Majority of Americans believe Joe Biden is not 'mentally sharp'

The US President becomes the second one in so many years to have his mental faculties doubted. Does Biden have the stamina of Trump to battle the growing perception?

U.S. President Joe Biden delivers remarks on Afghanistan during a speech in the State Dining Room at the White House in Washington, U.S., August 31, 2021.
Reuters

U.S. President Joe Biden delivers remarks on Afghanistan during a speech in the State Dining Room at the White House in Washington, U.S., August 31, 2021.

An increasing number of Americans are saying President Joe Biden is not “mentally sharp”, according to a new poll by the US-based Pew Research Centre.

The survey also found Biden’s poll ratings plummeting, showing that 56 percent of respondents said that President Biden’s mental faculties are “not at all well” or “not too well.”

In contrast, just 43 percent of respondents believed that the phrase “mentally sharp” described him either “very well” or “fairly well.”

Only last week, Biden seemed to forget the name of Australian Prime Minister Scott Morrison on primetime TV as he was announcing a trilateral security partnership with Britain and Australia, called Aukus.

Instead, the president simply referred to the Australian prime minister as “that fella down under.”

A cottage industry has emerged, drawing attention to blunders made by the 78-year-old US president. Most recently, Biden seemed to confuse the United States with the United Nations in his address to the international body.

Clips of him mistaking former President Barack Obama with Donald Trump have also done the rounds on social media.

In another press conference, Biden, who is also one of the oldest presidents in US history, seemed to forget altogether what he was trying to say.

Some of his harshest critics in the Republican Party recently asked to much amusement whether “somebody has the ability to push the button and cut off his sound and stop him from speaking. Who is that person?”

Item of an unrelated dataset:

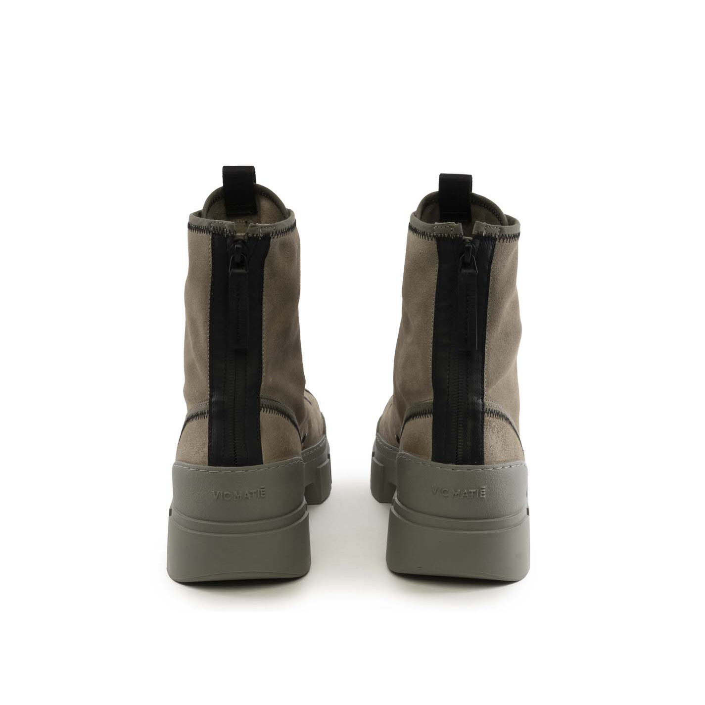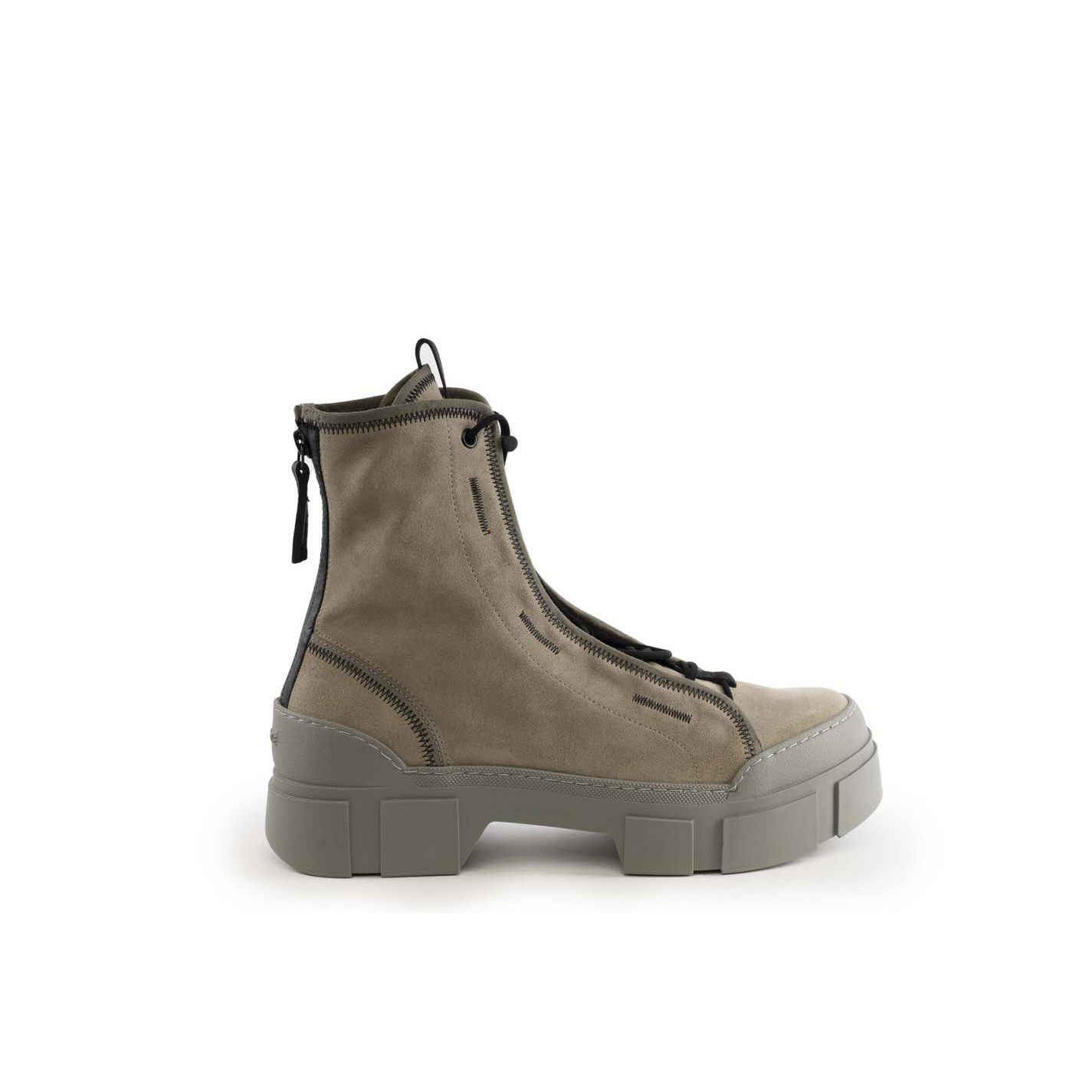 Roccia man_Anfibio con zip in crosta tortora , con dettagli zig zag nero, stringa elastica regolabile con tira coulisse; gros grain , zip bicolore posteriore per facilitare la calzata, con tirante in pelle. Suola guscio in TPU con tacche a rilievo e plantare TAG morbido ricoperto in pelle di vitello. Made in Italy.

Biden’s slow pace and doddering speeches have proved fertile ground for his opponents. But increasingly, Americans are also noticing that something doesn’t quite fit.

This isn’t the first time that the mental faculty of a US president has been questioned. Thousands of columns were written about Trump’s mental stability throughout his four years.

The recent focus on Biden and the subsequent fall in poll ratings, while impacted by the ongoing Covid-19 pandemic, lacklustre economic numbers, and the Afghanistan withdrawal for many Americans, has also laid bare the age of their president.

Since the end of August, Biden’s approval ratings have declined dramatically, with almost 50 percent of Americans now disapproving of the job he’s doing.

Some US press outlets like The New York Post recently ran a headline “White House live stream cuts Biden mid-sentence as he goes off-script.”

Whereas the right-wing Fox News opined, “I don’t know, is somebody telling him that he can’t continue and now are they to the point where they are controlling when he has to end his speaking?”

The drip-drip in gaffes and the forgetfulness of Biden at a time the country contends with domestic and international political polarisation is for many laying bare some of the frailties of their president. What that will do to US prestige abroad and its tense political order at home is anyone’s guess.